# EXERCISE:
Your answer must be the exact lines from the one with "- 1988A 1ドル連邦準備銀行券" to the end of the data, both included, with no pictures.

# DATASET RECORDS:

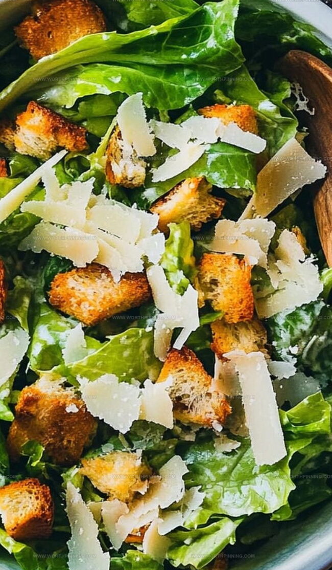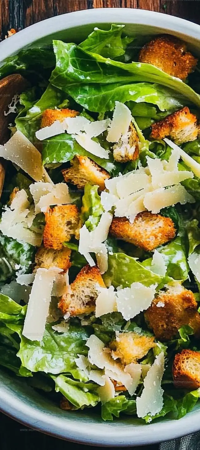 Select crisp romaine lettuce and tear into bite-sized pieces. Place lettuce in a large serving bowl. Pour prepared dressing over lettuce and toss gently to coat evenly. Sprinkle cooled croutons throughout the salad. Top with additional shaved or shredded parmesan cheese. Serve immediately for maximum flavor and crunch.
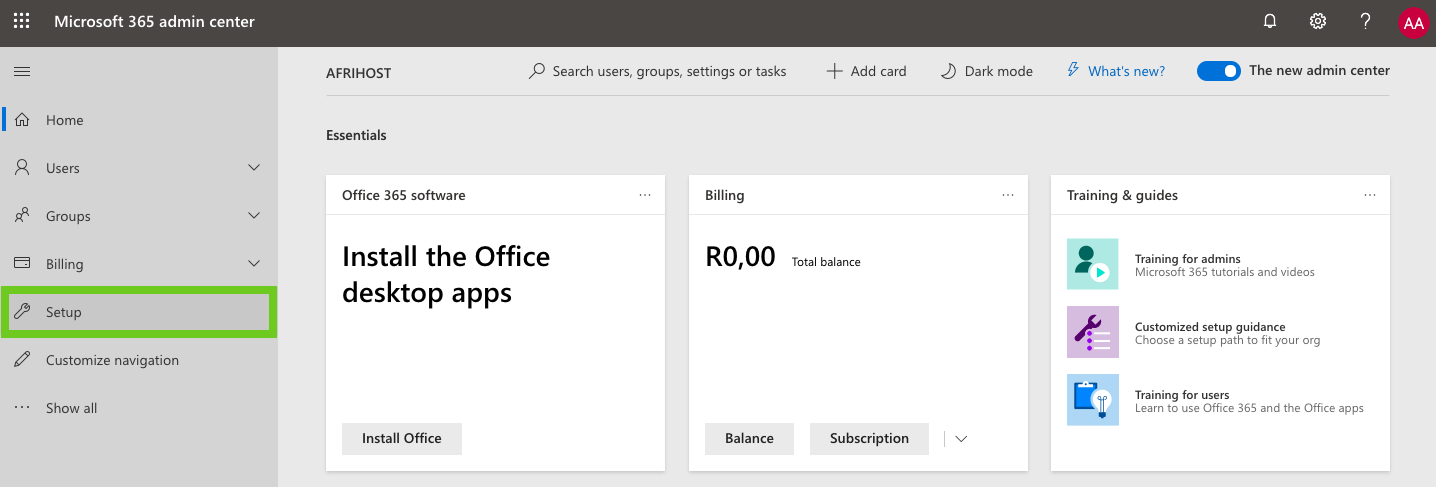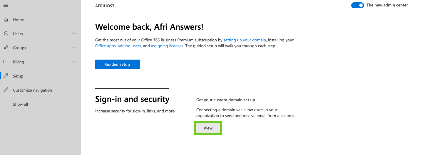 - Next to Sign-In and Security, under Get your custom domain setup select ‘View’.
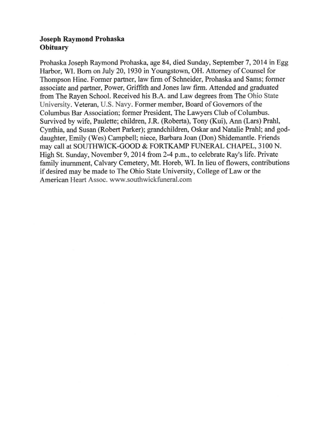 Prohaska, Joseph Raymond, Obit
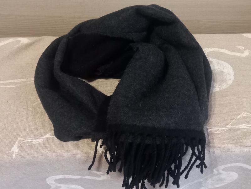 Широкий двухцветный шерстяной (100%) шарф великолепного качества сделанный в Италии Одна сторона - темно - серого цвета, 2-я - черного цвета. Состав - шерсть 100% Размеры: длина - 175 см, ширина - 39 см
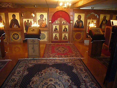 Белые внутренние стены храма-часовни были расписаны целой группой иконописцев. Начал эти работы ректор Свято-Троицкой семинарии архимандрит Лука (Мурьянка), но он ограничился росписью арочного пространства, разделяющего среднюю и главную часть храма, воспроизведя фреску афонского монастыря Ставроникита. Затем отдельные фрагменты росписи выполнили священник Иаков Ференс и насельник Свято-Троицкого монастыря иеромонах Андрей (Эрастов). В 1997 роспись завершил в качестве выпускной дипломной работы пятикурсник Свято-Троицкой семинарии Петр Дзюба, работавший к тому времени два года в иконописной мастерской монастыря и участвовавший в росписи храма св. кн. Александра Невского в г. Лейквуде, шт. Нью-Джерси. Первая со входа композиция была посвящена теме Второго Славного Пришествия Господа нашего Иисуса Христа, в средней части храма разместились житийные композиции. При выходе из средней части храма-часовни, над дверным проемом, П. Дзюба выполнил фреску «Сошествие в ад» воскресшего Христа.
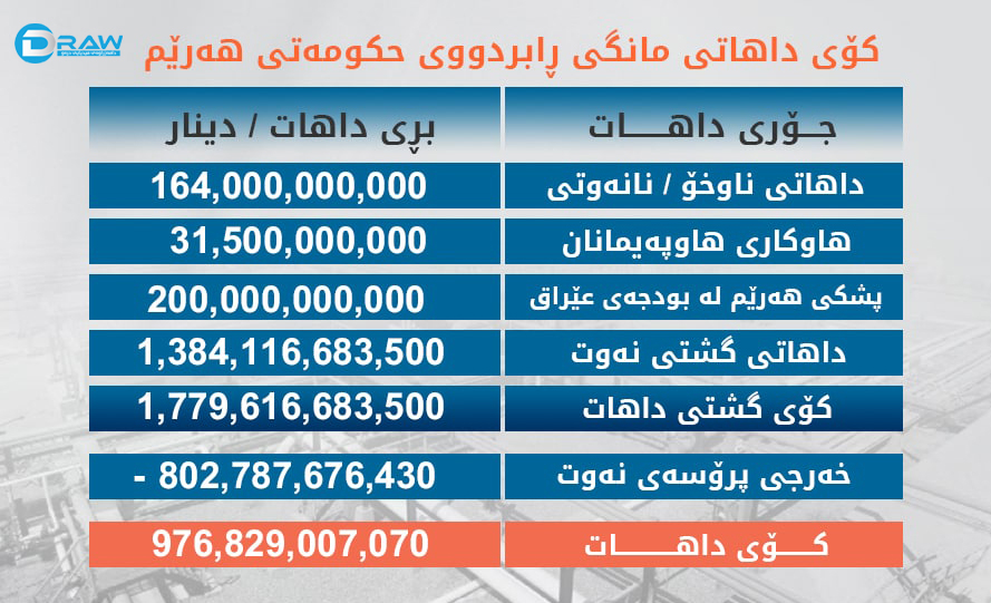 كۆی داهاتی مانگی رابردوی هەرێم ( 976) ملیار دینار بووە
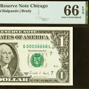 - 1988A 1ドル連邦準備銀行券 - PMG 66EPQ - ダブルクワッド シリアル番号 00006666
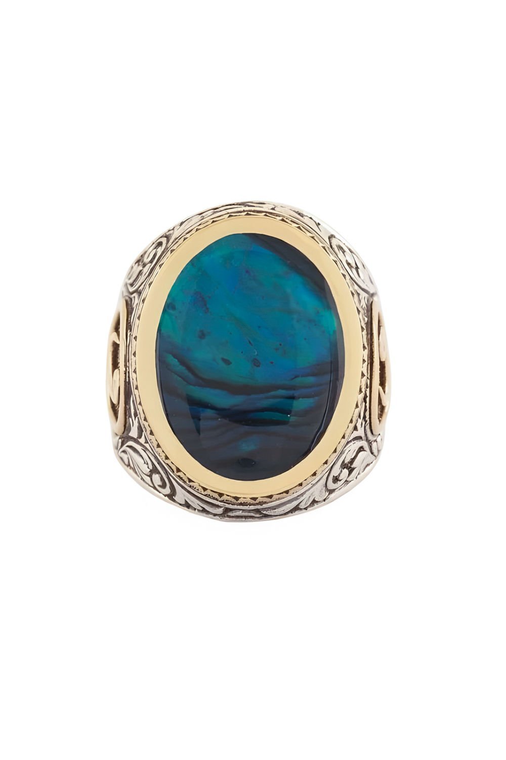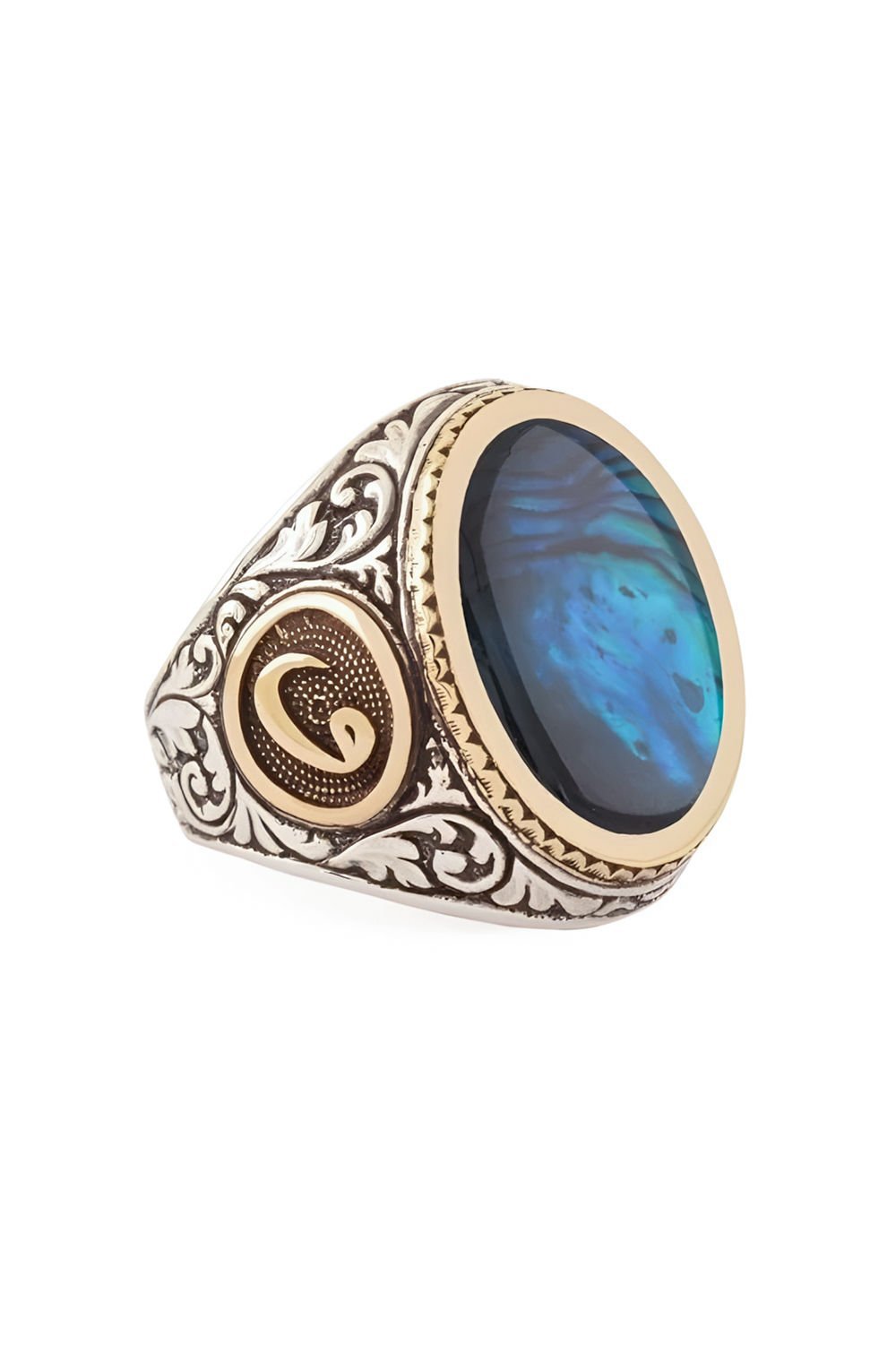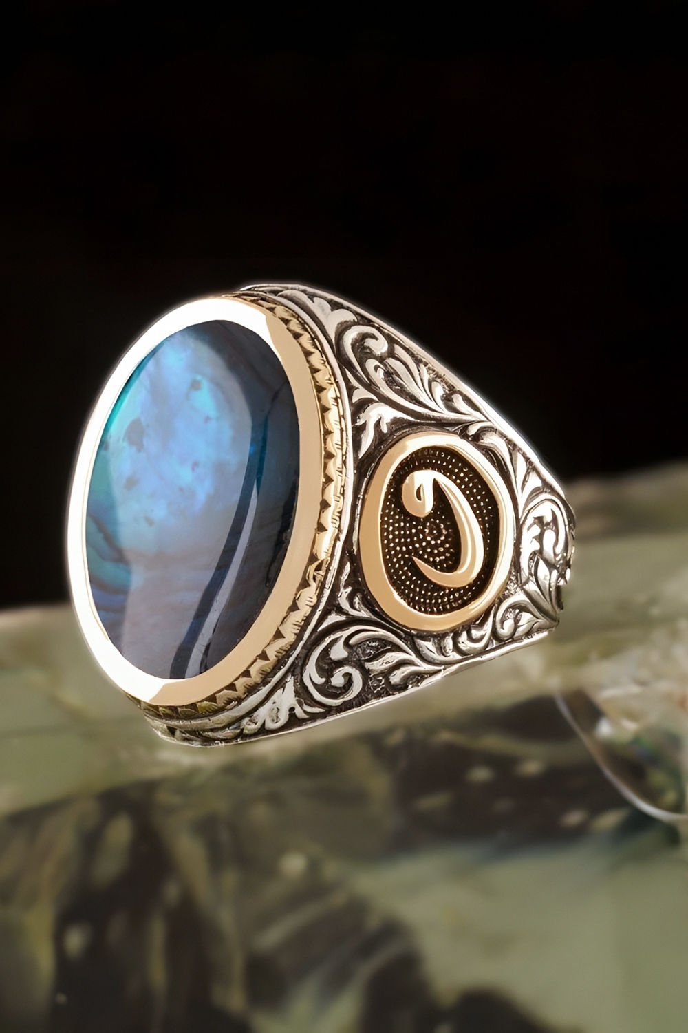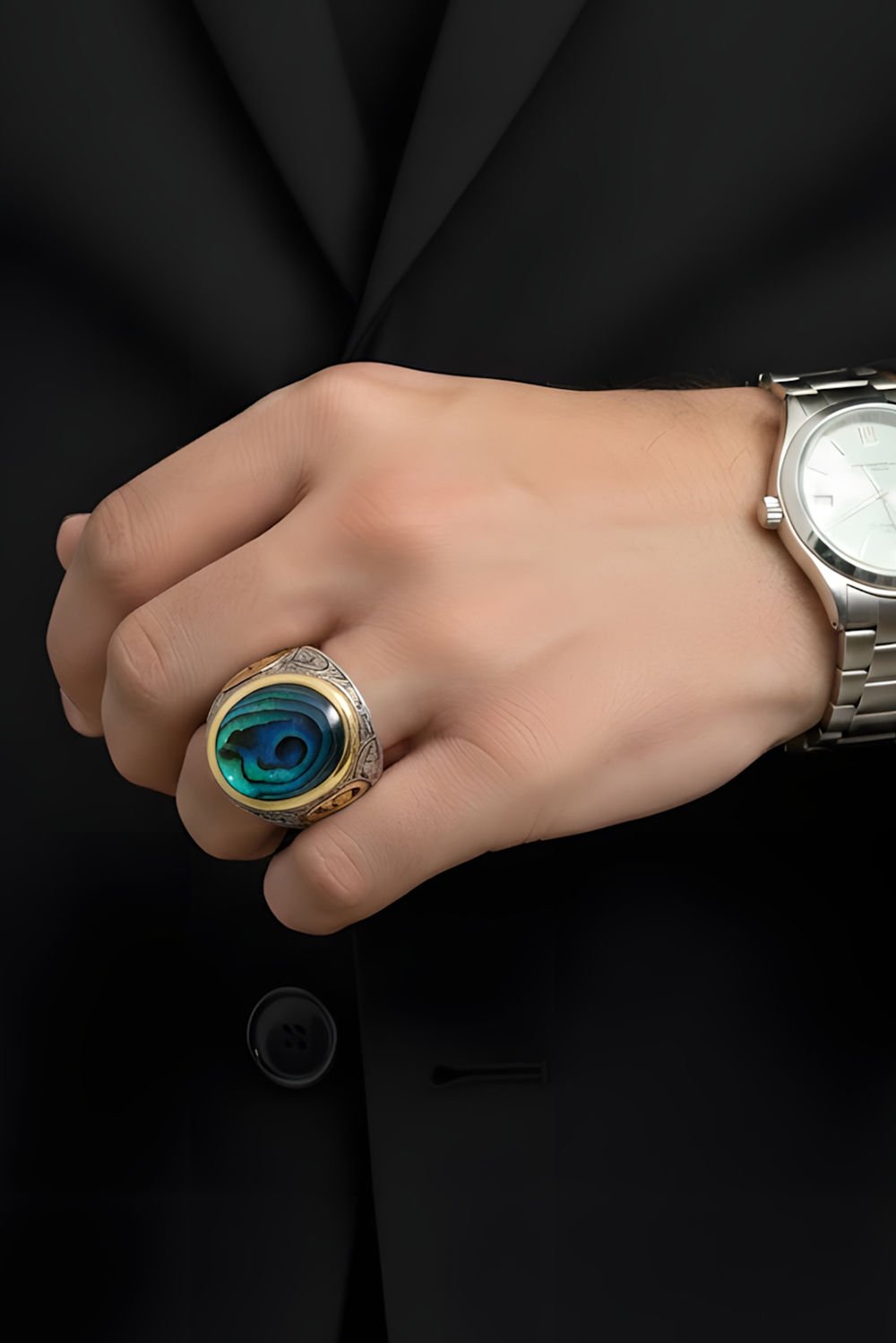 Hakiki ve orijinal doğal taşlar kullandığımız yüzüklerin bu modelinde kendine has rengi ve dokusuyla Okyanus Sedefi taşını kullanıyoruz.

# SOLUTION TO THE EXERCISE:
 - 1988A 1ドル連邦準備銀行券 - PMG 66EPQ - ダブルクワッド シリアル番号 00006666
 Hakiki ve orijinal doğal taşlar kullandığımız yüzüklerin bu modelinde kendine has rengi ve dokusuyla Okyanus Sedefi taşını kullanıyoruz.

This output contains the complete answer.